The recent development and FDA approval of a number of new drugs heralded a new era of prostate cancer therapy. However, metastatic prostate cancer remains a fatal disease. Thus, there is a critical need to identify prostate cancers that will progress to metastatic and develop effective therapies to treat them early to stop disease progression. The proposed study addresses these critical areas of need. In our preliminary studies, via an unbiased analysis of close to 400 clinical samples and subsequent experimental validation, we identified loss of the FAM3B (family with sequence similarity 3B) gene as a potential driver of metastatic progression of prostate cancer. We further found that FAM3B loss leads to diminished oxidative phosphorylation and enhanced aerobic glycolysis, which is a known mechanism of prostate cancer progression. Building on these novel findings, we hypothesize that loss of FAM3B drives prostate cancer progression to an advanced stage and that this is mediated, at least in part, by suppressing oxidative phosphorylation and promoting aerobic glycolysis. This hypothesis will be tested by two specific aims that employ clinically relevant model systems and clinical datasets. Aim 1 will dissect the mechanism by which FAM3B loss modulates glucose metabolism in driving disease progression. Aim 2 will establish FAM3B loss as a driver of prostate cancer progression. By interrogating the FAM3B-glucose-metabolism axis from a mechanistic and functional perspective, the proposed study will reveal a new and important mechanism driving prostate cancer progression, provide a new marker to better identify those patients, including the Veterans, with aggressive disease so that they can be treated early and effectively. Moreover, understanding the precise mechanisms by which FAM3B loss impacts glucose metabolism and drives disease progression will aid in future design of inhibitors that specifically target FAM3B-low prostate cancer. Overall, the application addresses an area that is highly relevant to the prostate cancer field, from both biological and translational perspectives.

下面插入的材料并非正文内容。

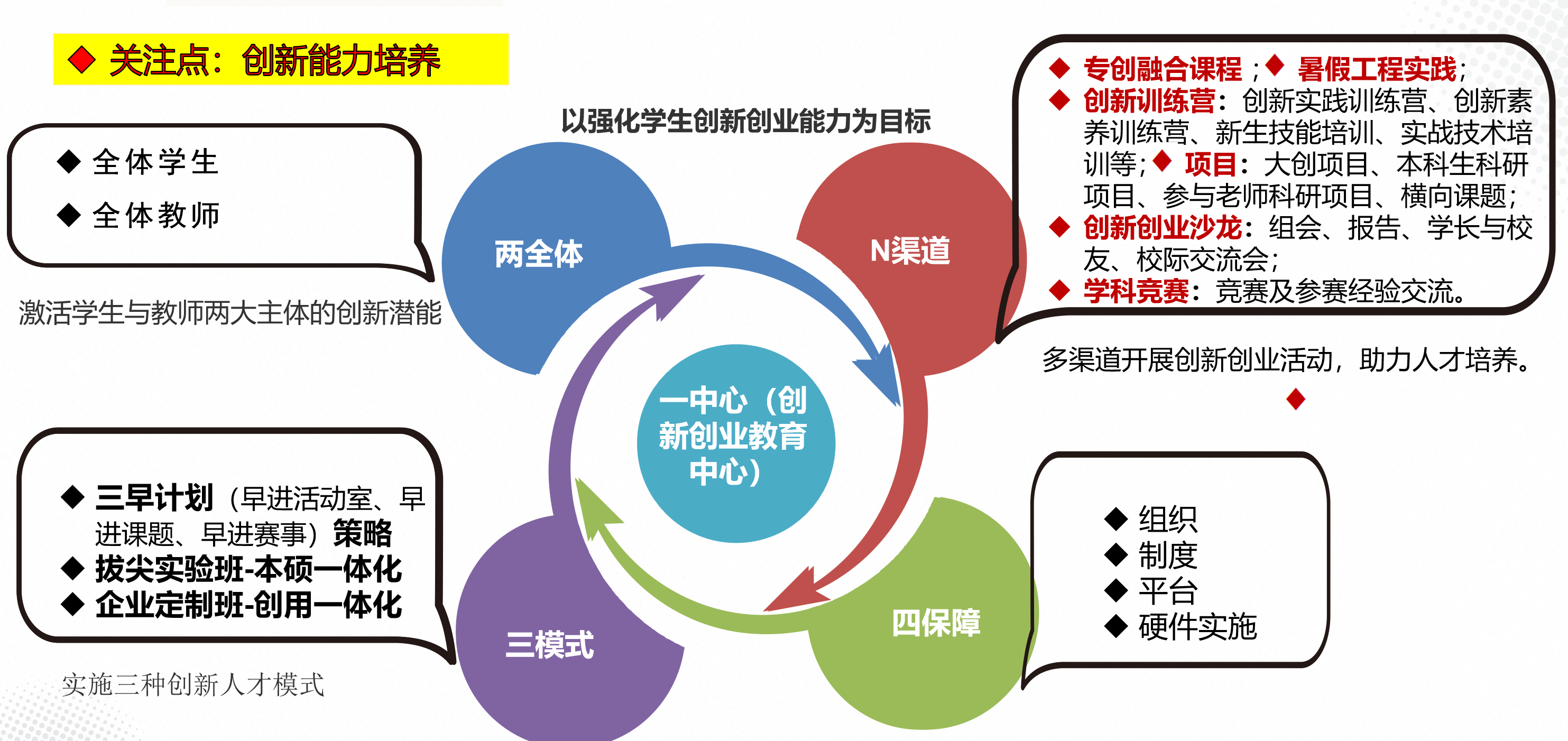 学院以强化学生创新创业能力为目标,紧扣“以赛促学,增强创新能力”的核心,构建了“一中心、两全体、三模式、四保障、N渠道”的创新创业实践体系。通过专创融合课程、暑假工程实践、创新训练营、创新创业沙龙、学科竞赛等多渠道开展创新创业活动,鼓励所有学生“进实验室、进赛事、进团队、进课题、进企业”。通过开展“实验室开放日”“创新实践训练营”“创新素养训练营”等活动,组织学生参加“中国大学生创新创业大赛”“中国大学生智能汽车竞赛”等多种赛事,形成“一室多赛”学科竞赛格局,培养学生创新能力和创业意识。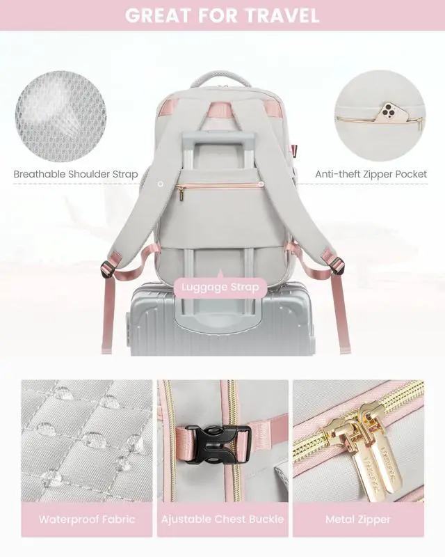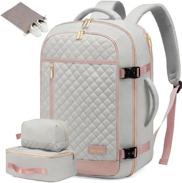 ^^ TOILETRY BAG AND WET POCKETS Equipped with 1 packing cube, 1 toiletry bag, and a shoe bag. You can put underwear, socks, and small clothes neatly inside. The shoe bag is 16.9 inches/43cm long and can hold 1-2 pairs of shoes. A zippered wet compartment pocket can help you to separate dry items and wet items, and prevent any leaks or moisture from affecting your other items. Pack smarter, travel lighter, and embark on your next adventure with confidence. ^^ PERFECT FOR BUSINESS AND TRAVEL Experience the perfect blend of convenience and style with our versatile travel backpack.

近期多项新药的研发和FDA批准预示着前列腺癌新时代的到来 治疗。然而，转移性前列腺癌仍然是一种致命的疾病。因此，迫切需要确定 将进展为转移性的前列腺癌，并开发有效的疗法来及早治疗以阻止它们 疾病进展。拟议的研究解决了这些关键的需求领域。在我们的初步研究中，通过 通过对近 400 个临床样本的公正分析和随后的实验验证，我们发现 FAM3B（序列相似性 3B 家族）基因的缺失是肿瘤转移进展的潜在驱动因素 前列腺癌。我们进一步发现 FAM3B 缺失会导致氧化磷酸化减弱， 有氧糖酵解增强，这是前列腺癌进展的已知机制。 基于这些新发现，我们假设 FAM3B 的缺失会导致前列腺癌进展为 晚期阶段，这至少部分是通过抑制氧化磷酸化和 促进有氧糖酵解。这一假设将通过两个具体目标进行检验，这些目标采用临床相关的方法 模型系统和临床数据集。目标 1 将剖析 FAM3B 损失调节的机制 葡萄糖代谢驱动疾病进展。目标 2 将确立 FAM3B 缺失作为前列腺的驱动因素 癌症进展。 通过从机制和功能角度探讨 FAM3B 葡萄糖代谢轴， 拟议的研究将揭示驱动前列腺癌进展的新的重要机制，提供新的方法 标记物，以更好地识别那些患有侵袭性疾病的患者，包括退伍军人，以便他们能够 及早有效治疗。此外，了解 FAM3B 损失影响的精确机制 葡萄糖代谢并驱动疾病进展将有助于未来设计专门针对的抑制剂 FAM3B-低前列腺癌。总体而言，该应用程序涉及与前列腺高度相关的领域 从生物学和转化的角度来看，癌症领域。